Problem/Motivation
In OrangeDamQueueDataManager::queueUpdatedItems(), the method checks the item count returned by OrangeDamApi::getContent() in order to determine whether to update the "check for updated content since" state.
There are two issues:
1) The returned count comparison strictly checks against FALSE, even though the method never returns FALSE. The intent here seems to be that if something went wrong during the API calls, to bounce out of OrangeDamQueueDataManager::queueUpdatedItems() before recording an updated "check for updated content since" state. The fact that getContent() returns no FALSE means that the "check for updated content since" state be updated if API failure occur, meaning that changes during that time period would be forever lost from retrieval, since the next check would only check for items changed since the new time stamp.
2) This relates to the second issue, which is that getContent() throws exceptions of various kinds, but also seems to catch some exceptions and silence them, depending on the kind of exception. This means that getContent() might fail silently under some circumstances, which allows queueUpdatedItems() to continue without knowing that an error occurred.
Proposed resolution
It seems the solution is multi-part, and requires choosing one approach: Use exceptions consistently, to fail under _all_ possible failures before the update to the "check for updated content since" state is set, or handle _all_ the exceptions and change the method signature to always return FALSE in the event of any exceptions. Right now, we have half-implementations of each approach.

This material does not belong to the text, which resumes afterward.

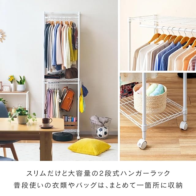 商品名:ドウシシャ ルミナス 2段ワードローブ ホワイト EHL2WD-60 幅61×奥行41×高さ209cm ルミナスラテ0 大容量でスッキリ衣類収納 スチールラック ハンガーラック 幅60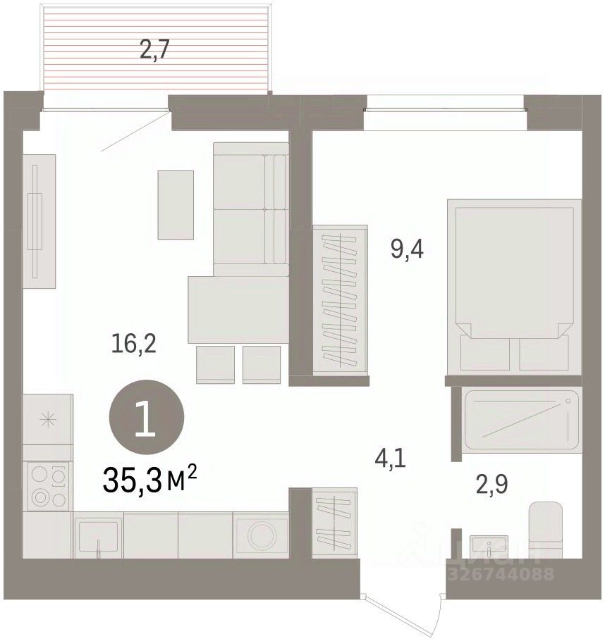 Квартира с кухней-гостиной и одной спальней в жилом районе ''Речной порт''. Особенности планировки: балкон, вид во двор, предчистовая отделка. квартиры в нашей базе: РПТ04-Ж4.6.8.

Making getContent() return int|FALSE reduces clarity of the code by mixing the return type, so I am inclined to fix the above by ensuring that getContent() will fully fail and therefore never trigger run the code in queueUpdatedItems() where the timestamp is updated.
While we are at it, we might want to rename getContent() to queueContent() since that is actually what the method does. The name getContent implies that the return value should be the content. Changing it to queueContent() indicates an operation, and the return value would simply be the count of items queued.
try {
$count = OrangeDamApi::queueContent(); // Change getContent(): int to queueContent(): int
// Update time since timestamp
}
catch (Exception $e) {
// Don't update timestamp and just set $count to 0.
$count = 0;
}
return $count;
Alternatively, we could change the signature of queueUpdatedItems() to return bool TRUE on success and FALSE and failure, and handle all the exceptions. But then we would need to create another method to count queued items, since code elsewhere wants a count. So queueUpdatedContent() would like something like:
$success = OrangeDamApi::queueContent(); // Change getContent(): int to queueContent(): bool.
if ($success) {
// Update time since timestamp
}
$count = OrangeDamApi::getQueuedContentCount(); // New method returning int.
return $count;
There are two calls to OrangeDamApi::getContent() within OrangeDamQueueDataManager. One checks the return value for FALSE while the other simply assumes integer output and increments.
It looks like path forward is to ensure that any failures in getContent throw exceptions, so that any calling code can rely on success, even if the number of items is 0.